### Your objective
Could you give again exactly, and only, the lines from the one holding "2.登記打票:巡檢員通過手持" through the end of the data, both ends included, with pictures left out?

### Data below

===============

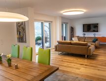 Treffen/Ossiachersee: Moderne, komfortabel leilighetshus "Alpe Maritima by Alps Resorts", med 4 etasjer. 2 km fra sentrum av Annenheim, 300 m fra innsjø 150 m fra skiområdet. I hbrukt: sentralvarme. Parkering ved hbrukt. Ladestasjon for elbil. Supermarked 2 km, restaurant 2 km, sjøen Ossiachersee 300 m. Skisportenanlegg 200 m. Attraksjoner i nærheten: Villach 9 km, Tarvis (Italien) 40 km, Bled Slovenien 50 km. Velkjente skiområder: Gerlitzen 200 m. Velkjente innsjøer: Wörthersee 28 km. Turstier Biosphärenpark Nockberge, Karnische Alpen. Bbildet er et eksempel. Feriehuset kan variere i stue, planløsning, utstyr og møbler. Solen skinner og fjellet ringer. For fotturer et egnet sted.Interior
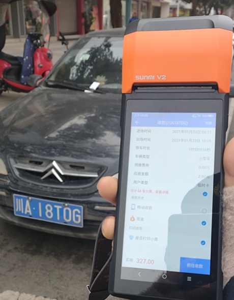 2.登記打票:巡檢員通過手持機(jī)識(shí)別車牌操作車輛入場(chǎng),并打印停車小票置于車上,供車主掃碼支付
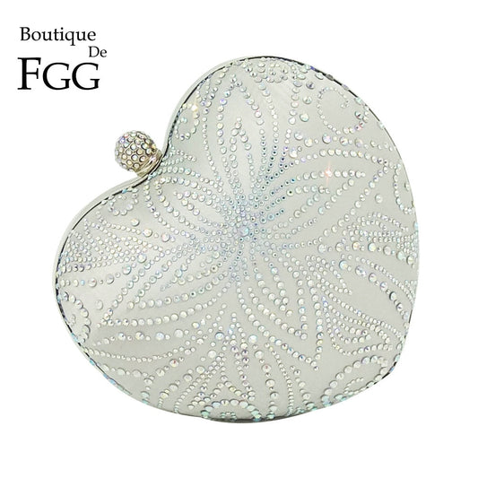 Boutique De FGG Silver Crystal Flower Women Heart Evening Clutch Bags Hardcase Metal Clutches Wedding Party
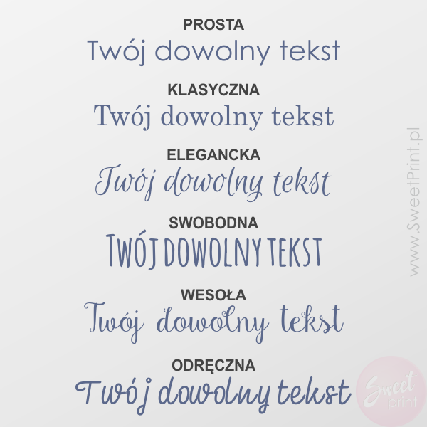 Tekst na wszystkich naklejkach w komplecie jest taki sam. Jeśli chcesz naklejki z różnymi napisami - dla każdego napisu zamów osobny komplet.

===============

### Solution to the problem
 2.登記打票:巡檢員通過手持機(jī)識(shí)別車牌操作車輛入場(chǎng),并打印停車小票置于車上,供車主掃碼支付
 Boutique De FGG Silver Crystal Flower Women Heart Evening Clutch Bags Hardcase Metal Clutches Wedding Party
 Tekst na wszystkich naklejkach w komplecie jest taki sam. Jeśli chcesz naklejki z różnymi napisami - dla każdego napisu zamów osobny komplet.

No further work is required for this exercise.